**RECORDS:**
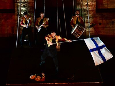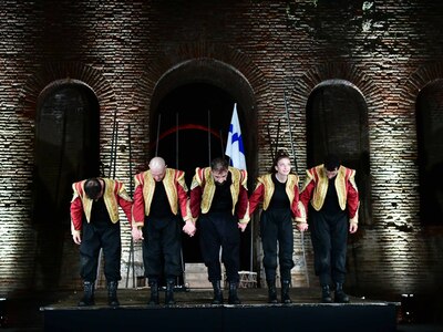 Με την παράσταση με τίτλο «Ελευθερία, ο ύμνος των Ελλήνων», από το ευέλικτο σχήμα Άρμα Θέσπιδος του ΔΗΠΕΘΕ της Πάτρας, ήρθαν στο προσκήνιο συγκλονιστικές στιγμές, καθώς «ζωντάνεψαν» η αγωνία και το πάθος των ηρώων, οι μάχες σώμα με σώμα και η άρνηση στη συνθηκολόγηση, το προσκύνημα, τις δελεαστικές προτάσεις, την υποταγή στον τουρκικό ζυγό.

---

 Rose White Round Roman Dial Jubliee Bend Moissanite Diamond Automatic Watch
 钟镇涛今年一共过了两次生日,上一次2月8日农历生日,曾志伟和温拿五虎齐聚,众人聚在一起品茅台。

**WORK ORDER:**
Print only what lies in the material above starting at the line with "Rose White Round" and ending at the line with "钟镇涛今年一共过了两次生日,上一次2月8", every line exactly as given.

**SOLUTION TO THE EXERCISE:**
 Rose White Round Roman Dial Jubliee Bend Moissanite Diamond Automatic Watch
 钟镇涛今年一共过了两次生日,上一次2月8日农历生日,曾志伟和温拿五虎齐聚,众人聚在一起品茅台。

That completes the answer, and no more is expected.